Below is a listing with pictures in it; transcribe exactly the lines from the one that has "National Day creative" through the one that has "ここではカーネーション、ガーベラ、バラ、ストック、キク、ブルースターが", and omit those pictures.
[INFORMATION GIVEN — start]
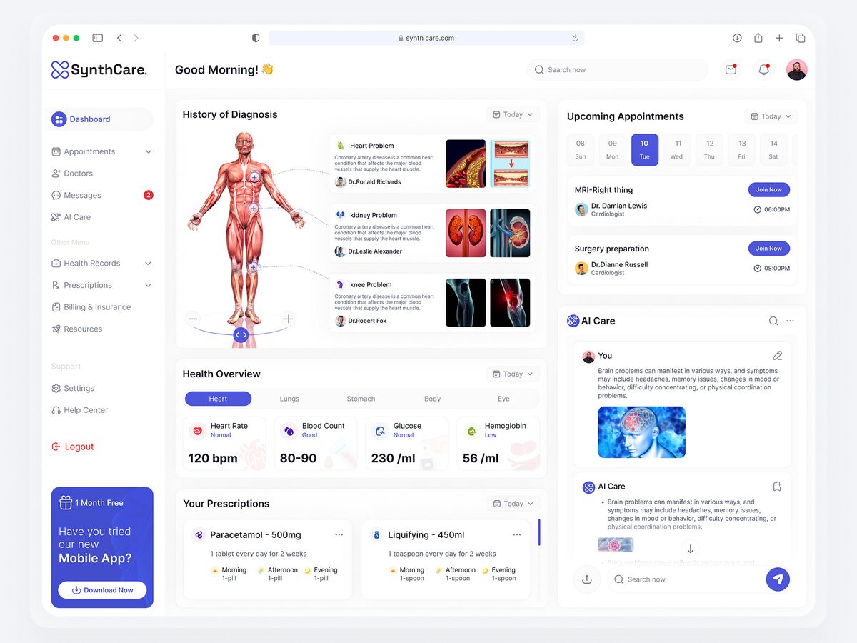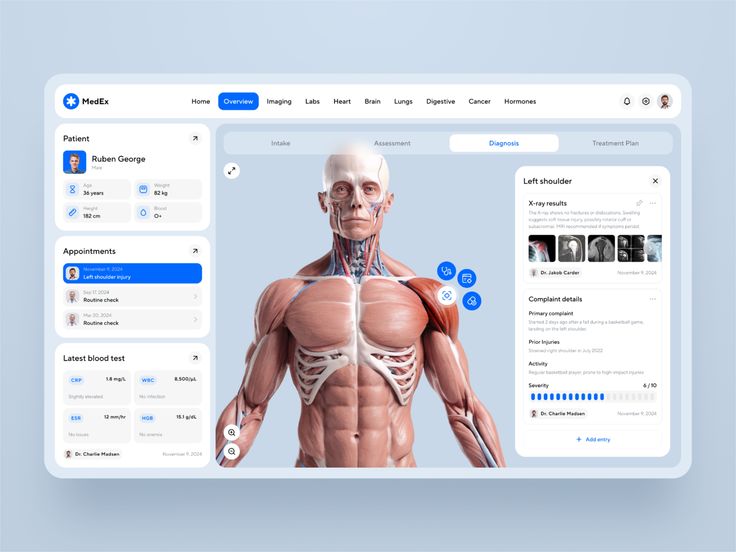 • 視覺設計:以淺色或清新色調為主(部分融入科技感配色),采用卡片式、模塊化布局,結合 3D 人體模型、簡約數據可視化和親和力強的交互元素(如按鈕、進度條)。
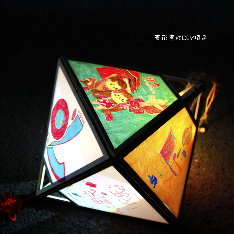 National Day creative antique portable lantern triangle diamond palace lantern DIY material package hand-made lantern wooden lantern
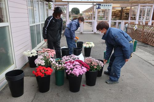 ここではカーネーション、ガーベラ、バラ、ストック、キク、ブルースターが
[INFORMATION GIVEN — finish]
[INFORMATION GIVEN — start]
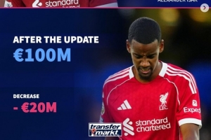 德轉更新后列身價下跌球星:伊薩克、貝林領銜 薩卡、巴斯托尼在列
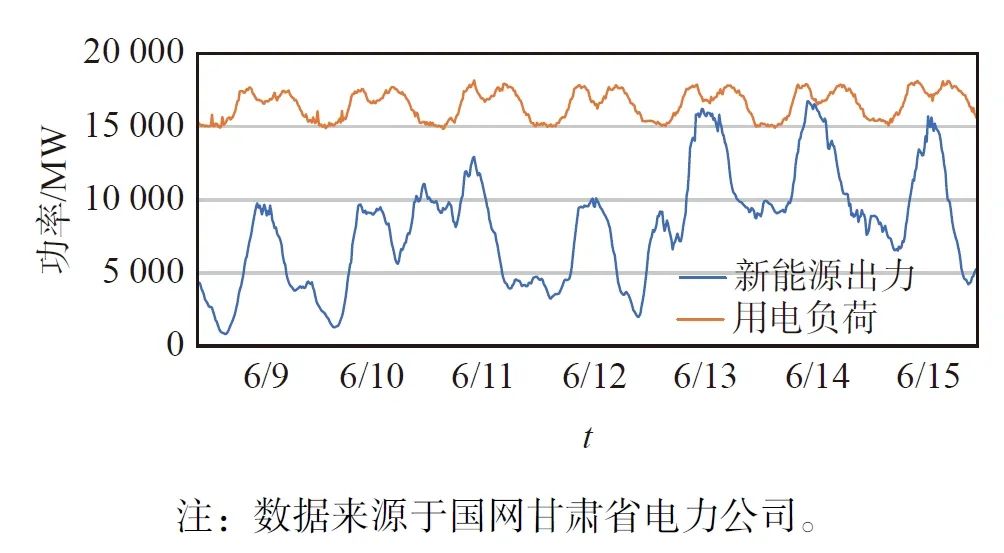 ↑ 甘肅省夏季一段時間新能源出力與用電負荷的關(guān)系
[INFORMATION GIVEN — finish]
■ EXERCISE ANSWER
 National Day creative antique portable lantern triangle diamond palace lantern DIY material package hand-made lantern wooden lantern
 ここではカーネーション、ガーベラ、バラ、ストック、キク、ブルースターが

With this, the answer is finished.